Constable Burton is a village and civil parish in North Yorkshire, England. It is 3 mi east of Leyburn.

== History ==
The village takes its name from ‘Burton’, meaning a fortified settlement in Old English, and ‘Constable’ as in 1100 it was granted to Roald, the Chief Constable for the Earl of Richmond.

Constable Burton was mentioned in Domesday Book in 1086 as being in the hundred of "Land of Count Alan" and the county of Yorkshire and the population was estimated at 20 households.

  In 1870–72 John Wilson's Imperial Gazetteer of England and Wales described Constable Burton as:"a township in Finghall parish, N. R. Yorkshire; adjacent to the Leyburn railway, 3¼ miles E of Leyburn. It includes the hamlet of Studdow. Acres, 2,572. Real property, £3,038. Pop., 224. Houses, 46."The grade-I-listed Georgian mansion of Constable Burton Hall was built in 1768 by John Carr for Sir Marmaduke Wyvill and is now owned by Marmaduke's great grandson, Charles. The surrounding gardens have been open to the public on selected dates throughout the year since 1977.

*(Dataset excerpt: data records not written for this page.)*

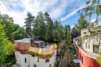 Коттедж (корпус 72) выполнен из керамического кирпича и имеет красивый вид на лесопарк с террасы на крыше. На участке сохранены деревья и почвенный покров. Участок небольшой, но очень живописный, песчаный, находится на третьей дюне от Финского залива.
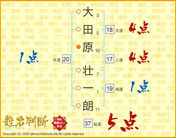 大田原壮一朗さんの総運は37画の5点!
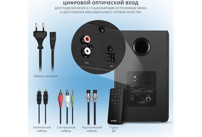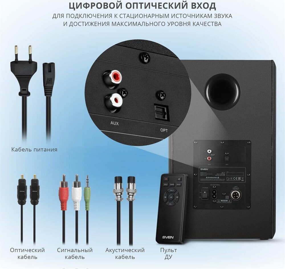 компьютерная акустика SVEN MC-30, сигнальный кабель 2RCA к mini-jack, оптический кабель, кабель питания, акустический кабель, пду, руководство по эксплуатации, гарантийный талон
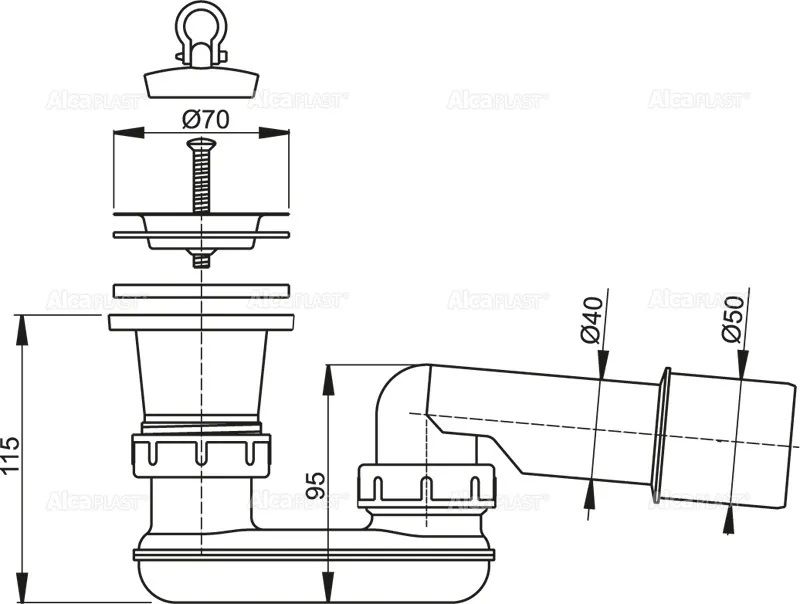Выпускной комплект для душевого поддона AlcaPlast с гидрозатвором A461-50
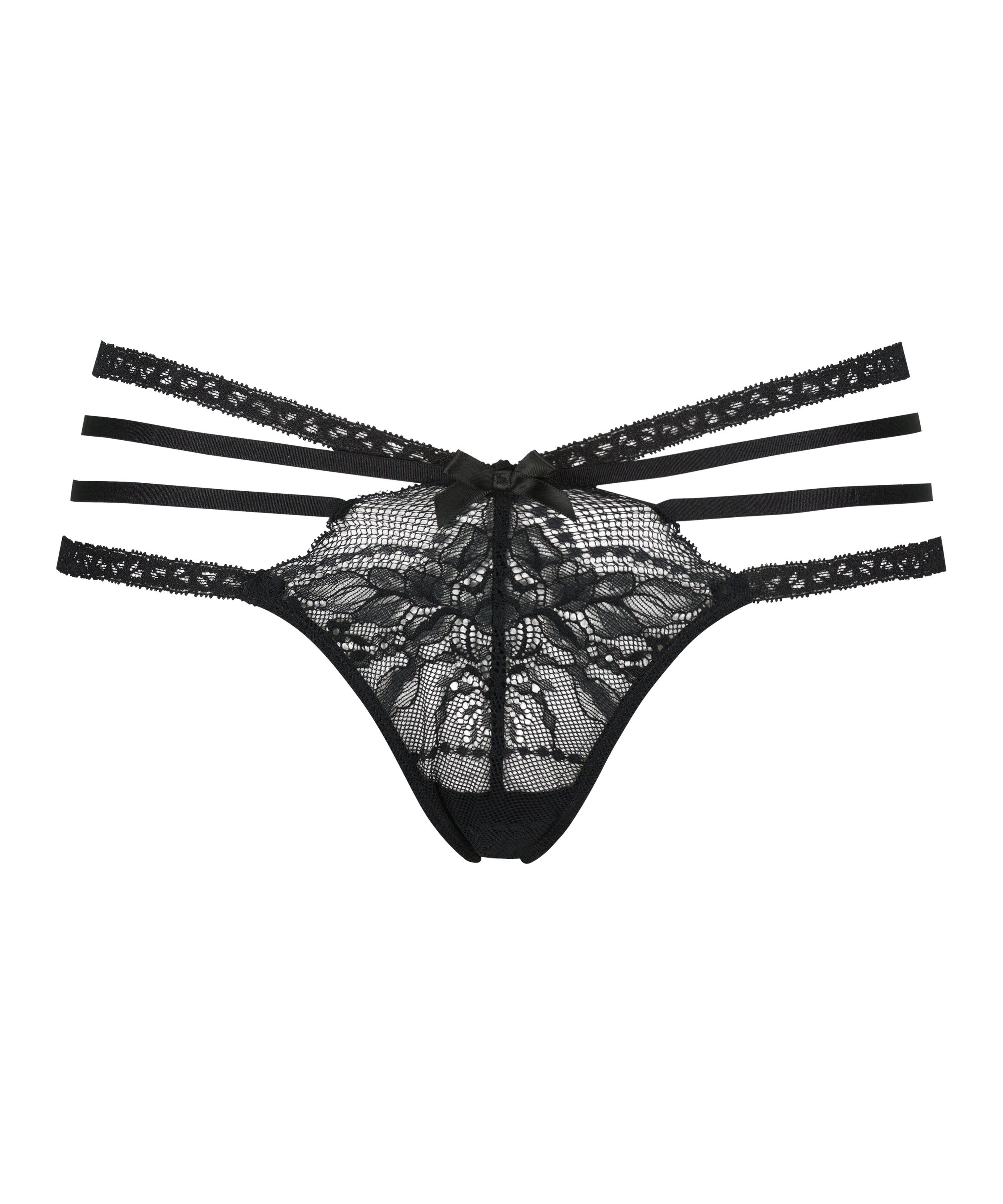 Voel je super sexy in deze string! Hij is voor een groot deel van kant, er zit een leuk strikje aan de voorkant en de strappy details zijn de finishing touch. Combineer met je eigen favoriete items!
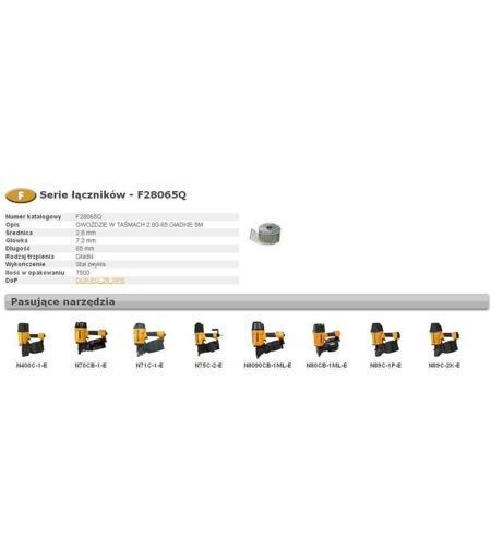 Série de fixations - F28065Q Numéro de catalogue F28065Q Description CLOUS EN BANDE LISSES 2,80-65 5M Épaisseur 2,8 mm Tête 7,2 mm Longueur 65 mm Type de tige Lisse Finition Acier doux Quantité par paquet 7500 Outils adaptés N400C-1-E N70CB-1-E N71C-1-E N75C-2-E N8090CB-1ML-E N80CB-1ML-E N89C-1P-E N89C-2K-E EAN : 5902013957348 ...
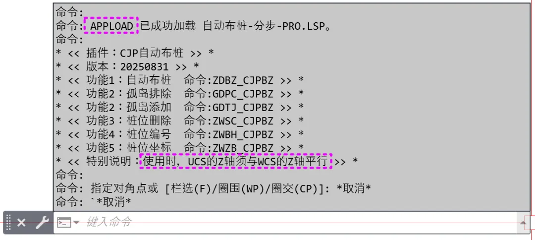 ➤ 加载插件。使用 APPLOAD 命令,选中插件,加载即可;插件会弹出使用提示如图。
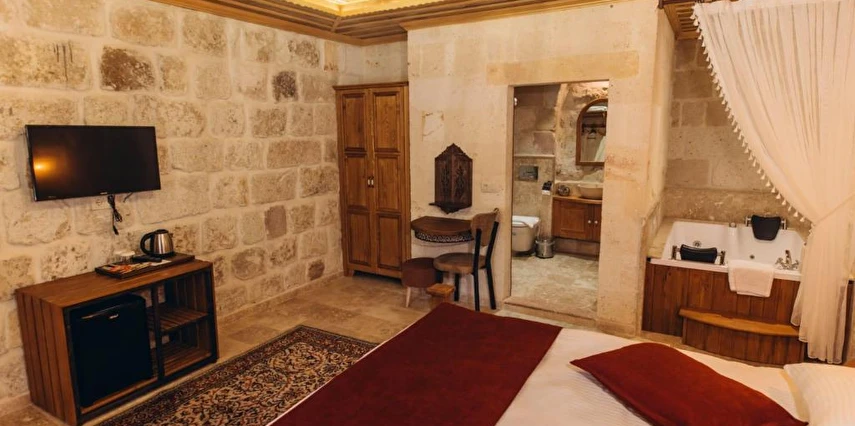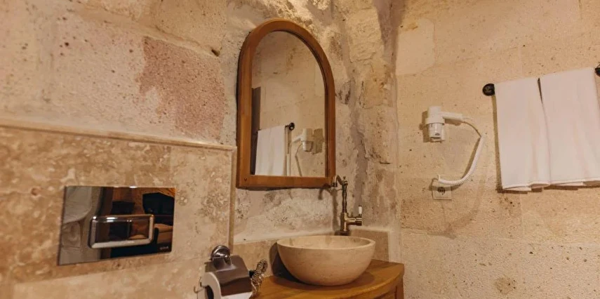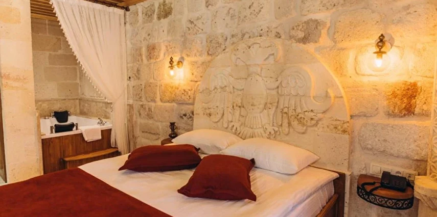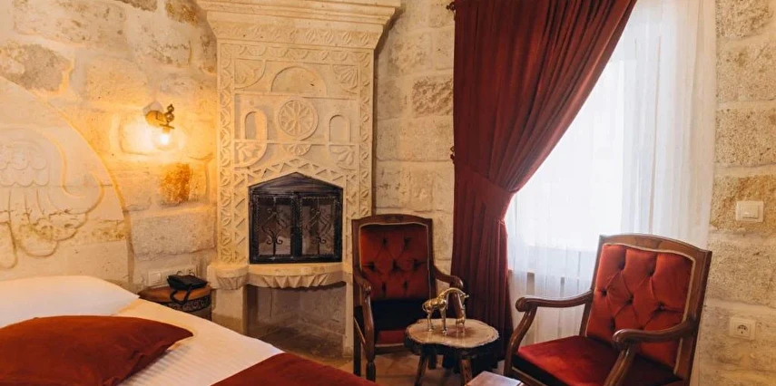 Geleneksel Kapadokya mimarisinin zarafetiyle modern konforun mükemmel bir uyum içinde buluştuğu otelimizde, her detayda özenle düşünülmüş 8 odamız sizi bekliyor. Her odamızda rahatınız ve konforunuz için özel olarak tasarlanmış detaylar bulunuyor. Doğal kapadokya mimarisine uygun süslenmiş odalarımızda Kapadokya'nın mistik havasını hissedecek, modern olanaklarımızla konforunuzun keyfini çıkaracaksınız.

From 1856 to 1954 Constable Burton railway station on the Wensleydale Railway served the village, hall and the rural community. There is passing loop at the site.

== Governance ==
The village is in the Richmond and Northallerton parliamentary constituency, which is under the control of the Conservative Party. The Member of Parliament since the 2015 general election has been Rishi Sunak, former Prime Minister.

From 1974 to 2023 it was part of the district of Richmondshire, it is now administered by the unitary North Yorkshire Council.

== Community and culture ==
The village public house, The Wyvill Arms, is a former 18th-century farmhouse and has been featured in the Good Pub Guide. There used to be a school in the village, now converted into housing.